Muffled dance music is pumping from behind the door of the nightclub he just left, and its patrons have spilled out onto the pavement with him, scattered around like reincarnations of his Club Kids heyday memories. There are rainbow platform shoes, glittery dyed hair, a man dressed up in some sort of octopus-inspired, three-foot spray foam headdress complete with what appears to be an altered diving mask on his face.
There are fans who want the autograph of Alig, a man who served 17 years in prison in connection with the death and dismemberment of a drug dealer, and there is also a film crew documenting his reintegration into society. Alig’s old Club Kid friend James St James is inside, author of the book Disco Bloodbath, now published as Party Monster, which was made into a 2003 feature film of the same name starring Macauley Culkin.

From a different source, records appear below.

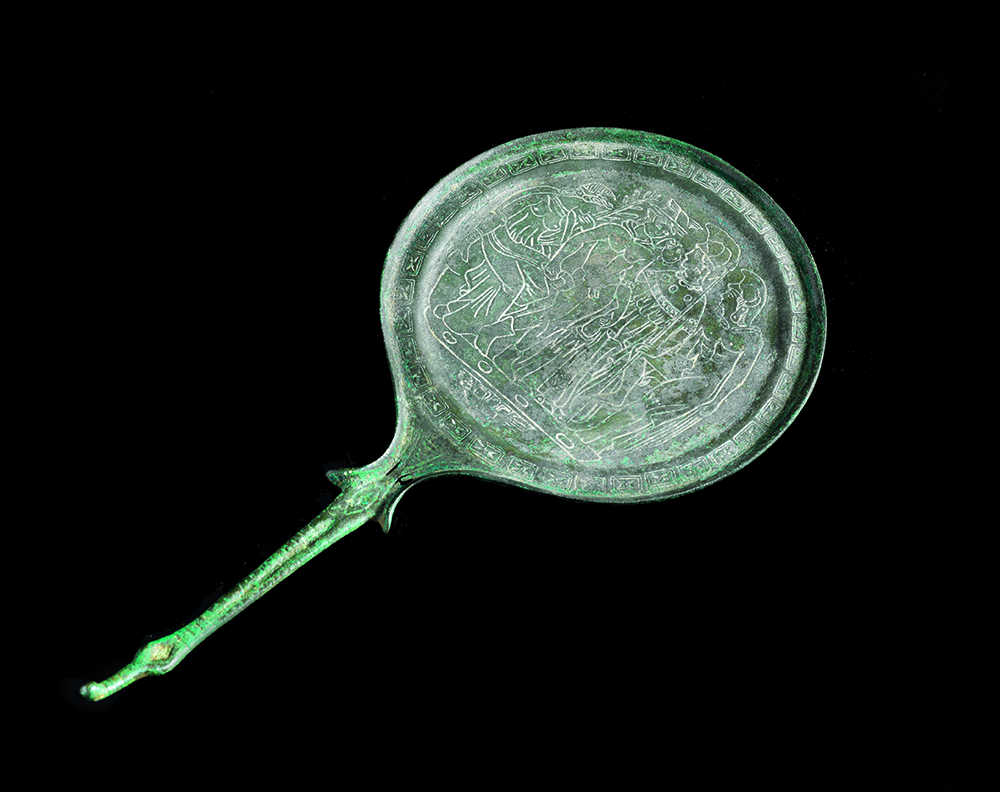 SPECCHIO ETRUSCO DATAZIONE: IV-III sec. a. C. MATERIA E TECNICA: bronzo fuso, decorazione a incisione Specchio a disco con manico a verga sagomato, desinente con testa ferina stilizzata DECORAZIONE: eseguita dalla parte non riflettente. All’interno dello spazio circolare si trova una composizione di quattro figure; da sinistra Apollo, rivolto a sinistra, assiso e panneggiato con corona di alloro nei capelli e ramo di alloro nella mano sinistra; accanto segue Mercurio nudo, volto a sinistra, con petaso sulla testa e calzari ai piedi, e mantello annodato sotto la gola; in piedi alla sua sinistra Minerva, volta a destra, con elmo crestato e lunga lancia, chiude il gruppo Marte, orientato a destra, nudo , con elmo e mantello annodato, appoggiato ad un basamento e la gamba destra sollevata PRODUZIONE: Etruria meridionale STATO DI CONSERVAZIONE: integro, ossidato DIMENSIONI: lungh. cm 25,6; diam. cm 14 BIBL: D. Rebuffat-Emanuel Le miroir étrusques d’apre's la Collection du Cabinet des Médailles, Roma 1973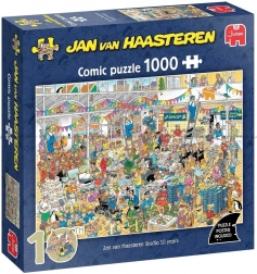 Puslespil fra Jan van Haasteren byder på timers sjov, hvor man opdager hver eneste joke og detalje. Kunstneren er kendt for at inkludere hajfinde og surrealistiske hænder i sine tegninger, sammen med andre traditionelle elementer som tandprotese, Sankt Nikolaus og hans eget portræt.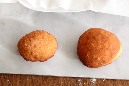 The doughnut on the LEFT was cooked without resting first. You can see that it didn’t rise as well in the oil. The one on the RIGHT is a nicer shape and the interior is light and fluffy.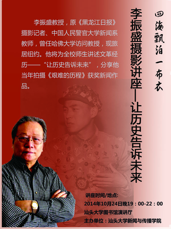 嘉宾简介:李振盛,1963年毕业于长春电影学院摄影系,在黑龙江日报社任摄影记者20年,在北京国际政治学院(后更名中国人民警官大学)新闻系执教新闻摄影15年。1996年应哈佛大学邀请赴美国访问讲学、访问教授,现旅居纽约。期间应邀担任华文月刊《天下华人》杂志总编辑。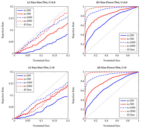 Finally, Table 10 presents the empirical power for the two-way VAR process, where the two variables and are inter-tangled with each other. Due to the setting and in Equation (18), it is obvious that is a stronger Granger cause for than the other way around. As a consequence, the reported rejection rates in Table 10 are overall higher when testing than .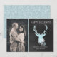Stylish, rustic, flat holiday greeting card done in a charcoal grey chalkboard look, on the right, and a custom photo on the left side. Graphics of an aquamarine deer head, with aqua glitter looking antlers, decorates the chalkboard side of the card. Pretty white and aquamarine coloured snowflakes decorate the bottom of the deer. Personalise the white text fields to suit your Christmas card needs.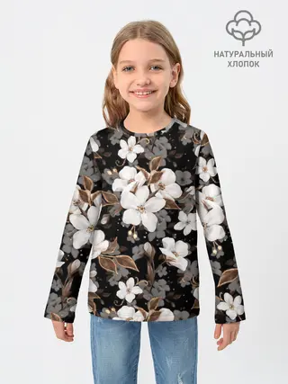 Детский лонгслив / Белые цветы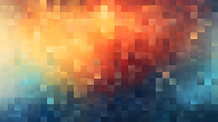 A dynamic abstract background featuring a pixelated gradient transitioning from deep blue to bright orange, creating a modern and energetic visual.
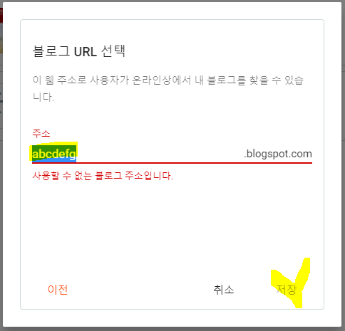 새로 만들 블로그가 갖게 될 URL을 선택하기 위해서 다음의 주소에 blogspot.com의 바로 앞에 오는 sub domain 정보에 해당하는 정보(abcde)를 입력해야 합니다.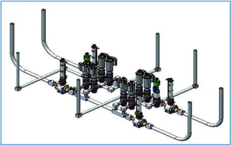 流花某气田中心管汇的主工艺管线、管件使用材料为S31803双相不锈钢,管线三维图如图2所示,该中心管汇经过了防腐蚀涂装。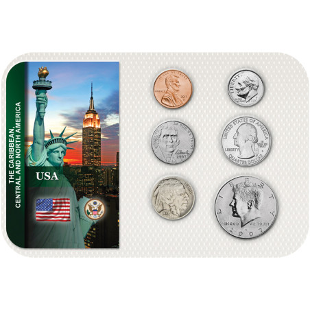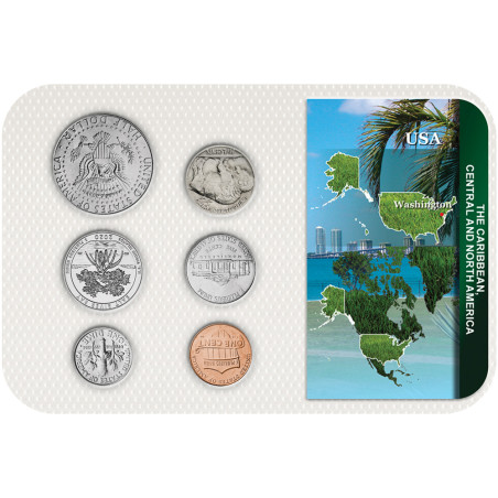 6 pièces de 1, 5, 5 Cents, 1/10, 1/4, 1/2 Dollar.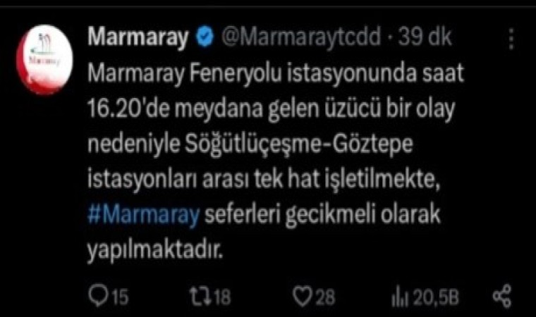 Olay, Marmaray Feneryolu istasyonunda saat 16.30 sıralarında meydana geldi. Edinilen bilgiye göre, ismi henüz öğrenilemeyen bir şahıs, seferler yapıldığı sırada perona yaklaştı. Bir anda raylara atlayan şahıs trenin altında kaldı. Durumu fark eden makinist, ekiplere haber verdi. İhbar üzerine olay yerine polis ve sağlık ekibi sevk edildi. Polis Marmaray’da güvenlik önlemi alırken, seferler durduruldu. Sağlık ekipleri şahsın hayatını kaybettiğini tespit etti. Cenaze Adli Tıp Kurumu morguna kaldırılırken, seferler bir süre sonra normale döndü.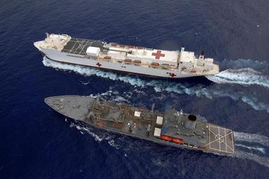 | Keywords: US Navy 060516-N-6501M-031 USNS Mercy performs an underway replenishment operation with USNS Pecos.jpg en Pacific Ocean May 16 2006 - The Military Sealift Command MSC hospital ship USNS Mercy T-AH 19 performs an underway replenishment operation with MSC replenishment oiler USNS Pecos T-AO 197 Mercy is conducting a five-month humanitarian deployment to South and Southeast Asia and the Pacific Islands The medical crew aboard Mercy will provide general and ophthalmology surgery basic medical evaluation and treatment preventive medicine treatment dental screenings and treatment optometry screenings eyewear distribution public health training and veterinary services as requested by the host nations Mercy is uniquely capable of supporting medical and humanitarian assistance needs and is configured with special medical equipment and a robust multi-specialized medical team who can provide a range of services ashore as well as aboard the ship The medical staff is augmented with an assistance crew many of whom are part of non-governmental organizations that have significant medical capabilities U S Navy photo by Chief Photographer's Mate Edward G Martens RELEASED 2006-05-16 060516-N-6501M-031 Navy http //www navy mil/view_image asp id 34595 U S Navy photo by Chief Photographer's Mate Edward G Martens PD-USGov-Military-Navy Plan views underway replenishment |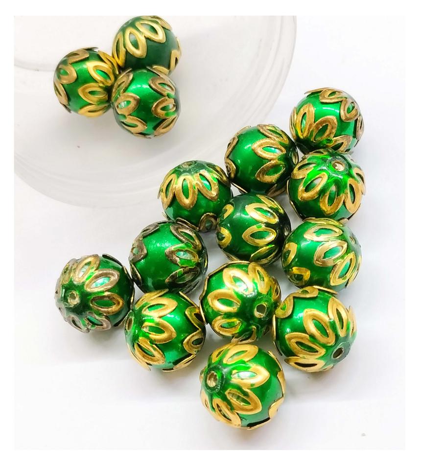 12mm Dark Green Lotus Glass Beads with Antique Gold Petal Design Round Decorative Beads for Jewelry & Craft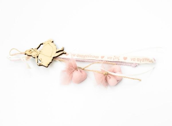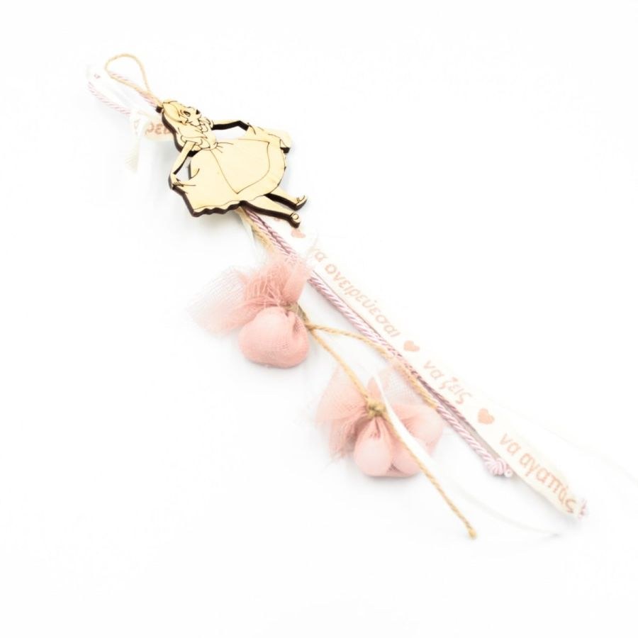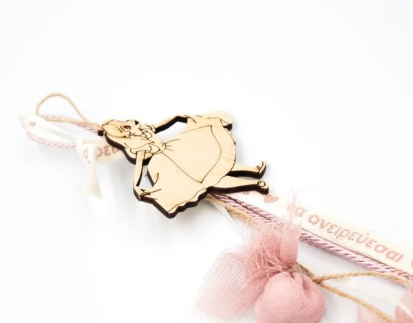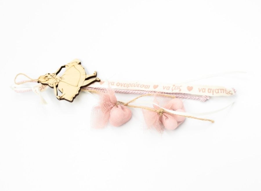 Κρεμαστή μπομπονιέρα βάπτισης με ξύλινο διακοσμητικό με την Αλίκη στην χώρα των θαυμάτων.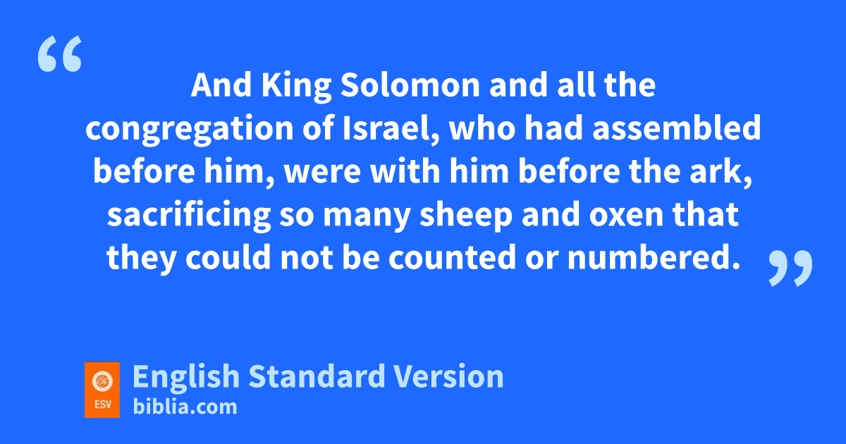 8 jThen Solomon assembled the elders of Israel and all the heads of the tribes, kthe leaders of the fathers’ houses of the people of Israel, before King Solomon in Jerusalem, lto bring up the ark of the covenant of the Lord out of mthe city of David, which is Zion. 2 And all the men of Israel assembled to King Solomon at nthe feast in the month Ethanim, which is the seventh month. 3 And all the elders of Israel came, and othe priests took up the ark. 4 And they brought up the ark of the Lord, pthe tent of meeting, and all the holy vessels that were in the tent; the priests and the Levites brought them up. 5 And King Solomon and all the congregation of Israel, who had assembled before him, were with him before the ark, qsacrificing so many sheep and oxen that they could not be counted or numbered. 6 rThen the priests brought the ark of the covenant of the Lord sto its place in tthe inner sanctuary of the house, in the Most Holy Place, underneath the wings of the cherubim. 7 For the cherubim spread out their wings over the place of the ark, so that the cherubim overshadowed the ark and its poles. 8 uAnd the poles were so long that the ends of the poles were seen from the Holy Place before tthe inner sanctuary; but they could not be seen from outside. And they are there to this day. 9 There was nothing in the ark except vthe two tablets of stone that Moses put there at Horeb, where wthe Lord made a covenant with the people of Israel, when they came out of the land of Egypt. 10 And when the priests came out of the Holy Place, xa cloud filled the house of the Lord, 11 so that the priests could not stand to minister because of the cloud, for the glory of the Lord filled the house of the Lord.

St. James is dapperly turned out but reserved inside the Outrage party at Rumpus Room as the music thumps around him and a neon sign screams ‘This is it.’ St. James thinks he’s done with media interviews about the Club Kids glory days, he tells DailyMail.com.
Not so of Michael Alig, who absolutely loves to talk. Especially about himself.
Michael Alig, left, during the heyday of the Club Kids, known for their outrageous outfits on the New York City club scene in the ’80s and ’90s; and right, now 52 and three years out of prison, where he spent 17 years for the manslaughter and dismemberment of fellow Club Kid Andre ‘Angel’ Melendez
Alig now resides in New Jersey but hosts a weekly party called Outrage at Rumpus Room on New York’s Lower East Side, along with fellow former Club Kid Keoki
‘I am like kind of a legend’ at his old high school in South Bend, Indiana, says Alig, just a few weeks before this particular NYC party. ‘There are two teachers there, who in a good way are still teaching, who were teaching when I was there. And those teachers regale their classrooms with anecdotes of having me in their classroom, funny things or whatever. It’s almost kind of like a folk hero…’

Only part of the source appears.